Arquivo diário: 16 Agosto, 2026

Fe madura. Comentário para os esposos. Mateus 15, 21-28

 

Evangelho de Nosso Senhor Jesus Cristo segundo São Mateus 15, 21-28

Naquele tempo, Jesus retirou-Se para os lados de Tiro e Sidónia. Então, uma mulher cananeia, vinda daqueles arredores, começou a gritar: «Senhor, Filho de David, tem compaixão de mim. Minha filha está cruelmente atormentada por um demónio». Mas Jesus não lhe respondeu uma palavra. Os discípulos aproximaram-se e pediram-Lhe: «Atende-a, porque ela vem a gritar atrás de nós». Jesus respondeu: «Não fui enviado senão às ovelhas perdidas da casa de Israel». Mas a mulher veio prostrar-se diante d’Ele, dizendo: «Socorre-me, Senhor». Ele respondeu: «Não é justo que se tome o pão dos filhos para o lançar aos cachorrinhos». Mas ela insistiu: «É verdade, Senhor; mas também os cachorrinhos comem das migalhas que caem da mesa de seus donos». Então Jesus respondeu-lhe: «Mulher, é grande a tua fé. Faça-se como desejas». E, a partir daquele momento, a sua filha ficou curada.

Fe madura

Jesus conduz a cananeia pelo verdadeiro caminho da fé. Primeiro, guarda silêncio, ensinando-me que os Seus tempos não são os meus: mesmo que pareça que não responde, continuo a confiar.

Depois, mostra-lhe que Deus tem os Seus tempos e os Seus planos — primeiro Israel —, ensinando-me a não me comparar: mesmo que outros pareçam ir à minha frente, confio no lugar e no momento que Deus preparou para mim. Por fim, leva-a a reconhecer a sua pequenez: tantas vezes vivo como um «cachorrinho», deixando-me levar pelos meus impulsos e apetites em vez de procurar a Sua vontade. Mas ela não se ofende nem se afasta: permanece e confia. A minha fé amadurece quando nem o silêncio de Deus, nem os Seus planos, nem a minha própria pobreza conseguem afastar-me d’Ele.

Transposição para a vida matrimonial:

João: Maria, ao rezar hoje o Evangelho da mulher cananeia, pensei em nós e no nosso casamento. Lembras-te de como começámos o nosso caminho de conversão? Retiros, adorações, encontros… Queríamos estar em tudo.

Maria: Sim, estávamos entusiasmados.

João: Tudo aquilo era bom, mas acho que, sem darmos por isso, começámos a escolher como queríamos seguir o Senhor: os nossos tempos, os casais com quem nos sentíamos bem, os ambientes que nos confortavam… Rejeitando aquilo que não compreendíamos ou que não se encaixava em nós.

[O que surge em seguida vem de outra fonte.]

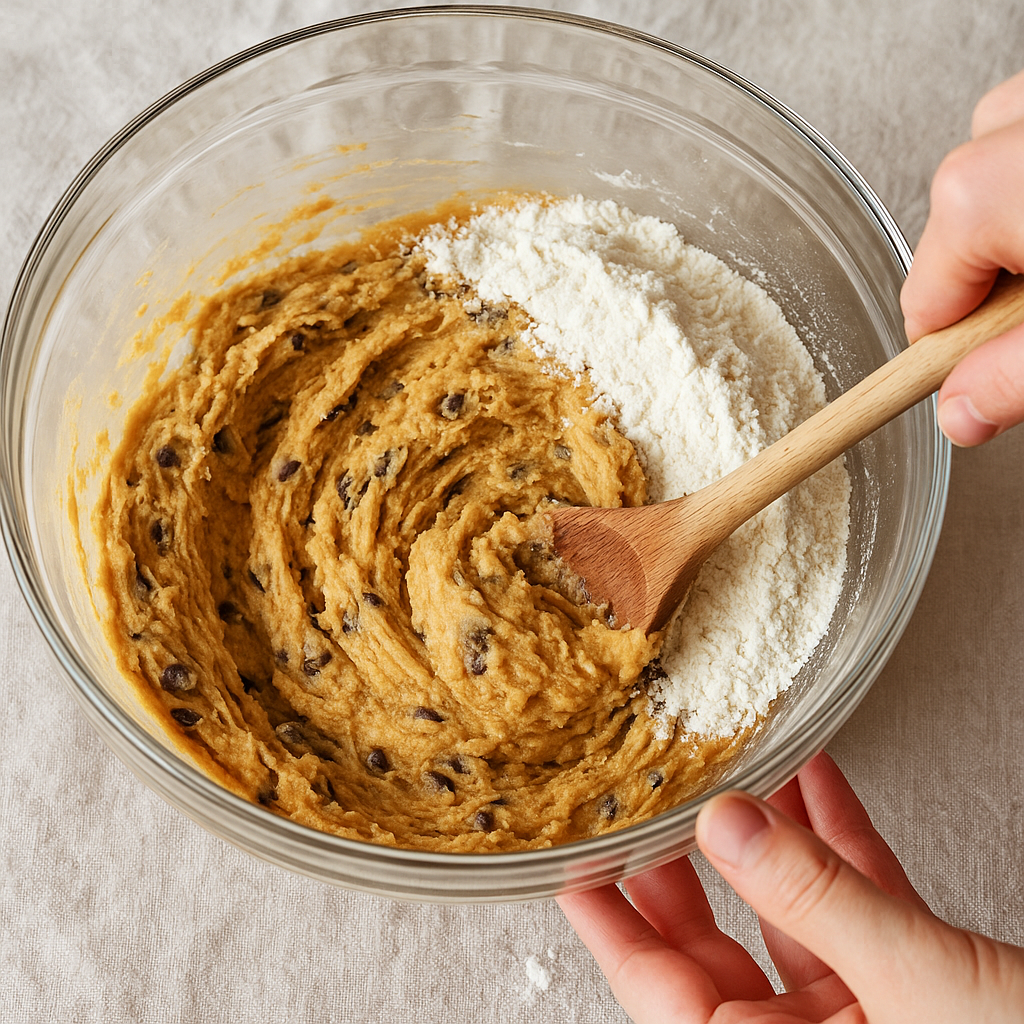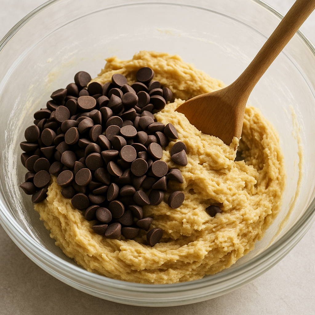Gently fold in the semi-sweet chocolate chips until evenly distributed in the dough.

Maria: Talvez também procurássemos sentir-nos próximos de Deus.

João: Foi isso que descobri: às vezes procurámos mais as coisas de Deus que nos davam satisfação do que o próprio Deus. A cananeia ensina-me outra coisa: Jesus cala-Se e ela permanece; mostra-lhe uma ordem que ela não compreende e ela confia; revela-lhe a verdade da sua pequenez e ela não se vai embora.

Maria: Nós, pelo contrário, talvez disséssemos: «Senhor, queremos seguir-Te… mas por aqui, com estes e sentindo-Te assim».

João: Sim. Acho que agora nos pede para dar outro passo: «Senhor, leva-nos Tu». Deixar de procurar experiências de Deus e abandonarmo-nos juntos à Sua Providência, mesmo que não compreendamos, não sintamos ou não tivéssemos escolhido esse caminho.

Mãe,

ensina-nos a dizer ámen ao teu Filho. Seja para sempre bendito e louvado, Ele que, com o Seu Sangue, nos redimiu.